Let $E$ be a $\mathbb R$-Banach space. Remember that if $\mu$ is a finite measure on $\mathcal B(E)$ then $$\Phi_\mu:E'\to\mathbb C\;,\;\;\;\varphi\mapsto\int\mu({\rm d}x)e^{{\rm i}\varphi(x)}$$ is called the characteristic function of $\mu$.
Let
- $(\Omega,\mathcal A,\operatorname P)$ be a probability space;
- $(\mathcal F_t)_{t\ge0}$ be a filtration on $(\Omega,\mathcal A,\operatorname P)$;
- $(L_t)_{t\ge0}$ be a $E$-valued process on $(\Omega,\mathcal A,\operatorname P)$.
Remember that $L$ is called $\mathcal F$-Lévy if
- $L$ is $\mathcal F$-adapted;
- $L_0=0$;
- $L_{s+t}-L_s$ and $\mathcal F_s$ are independent for all $t\ge s\ge0$;
- $L_{s+t}-L_s\sim L_s$ for all $t\ge s\ge0$.
Assume $L$ is $\mathcal F$-Lévy. As usual, let $\mathcal L(X)$ denote the distribution of a random variable $X$.

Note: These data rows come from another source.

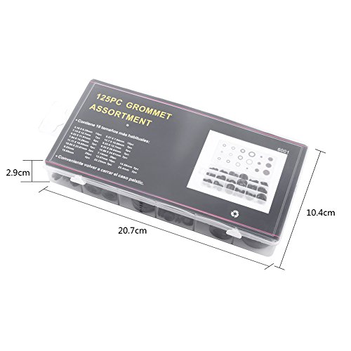 CON CUSTODIA: Questi occhielli elettrici in gomma sono forniti in una pratica custodia e assortiti in diverse dimensioni. Con tabella indice per una facile selezione.
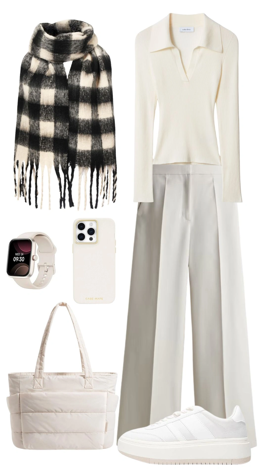 The color palette of beige and white makes it easy to mix-and-match, making this outfit a smart investment for students building a versatile capsule wardrobe.
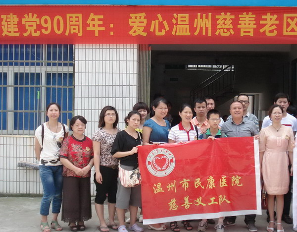 厕所偷拍 义工队积极响应由市慈善总会举办的“建党90周年,爱心温州慈善老区行”系列活动。6月25日,厕所偷拍 组织义工队10名医护人员到泰顺九峰革命老区,慰问老干部、老党员、老模范,为当地100多名村民免费开展健康检查,并为村民送上价值2000多的常备药品。
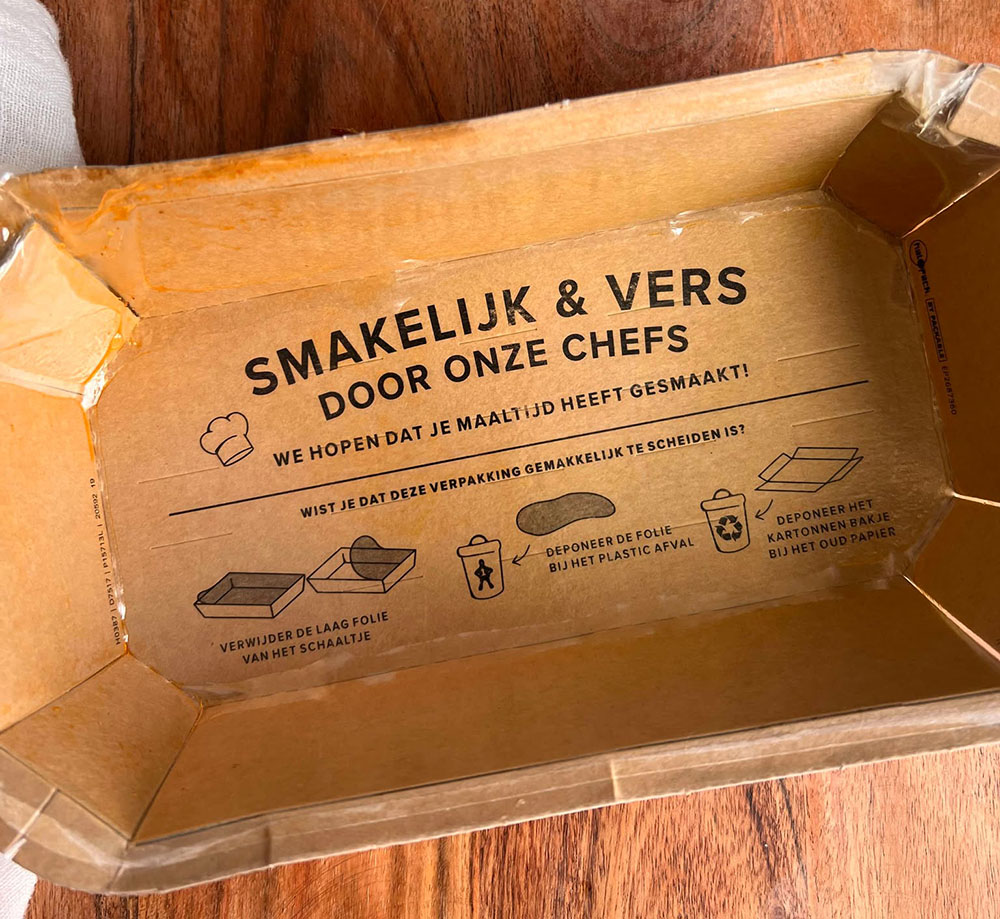 De maaltijd is verpakt in een kartonnen schaal die gecoat is met een laagje plastic. Op de bovenkant is de maaltijd goed zichtbaar door de plastic folie en de sticker voorop laat duidelijk zien wat er in zit.

Are we able to show that there is a continuous $f:E'\to\mathbb C$ with $f(0)=0$ and $$\Phi_{\mathcal L(L_t)}=e^{-{\rm i}tf(\varphi)}\tag1$$ for all $\phi\in E'$ and $t\ge0$? Moreover, I would like to conclude that the distribution $\mathcal L(L)$ of the process $L$ is uniquely determined by $f$ and $\mathcal L(L_0)$.
I think we first need to ensure that a finite measure $\mu$ on $\mathcal B(E)$ is uniquely determined by $\Phi_\mu$. I know that this is true when $E=\mathbb R^d$, $d\in\mathbb N$. The proof is relying on the fact that $C_c(\mathbb R^d)$ is separating for the space of finite measures on $\mathcal B(\mathbb R^d)$. Maybe this can be generalized.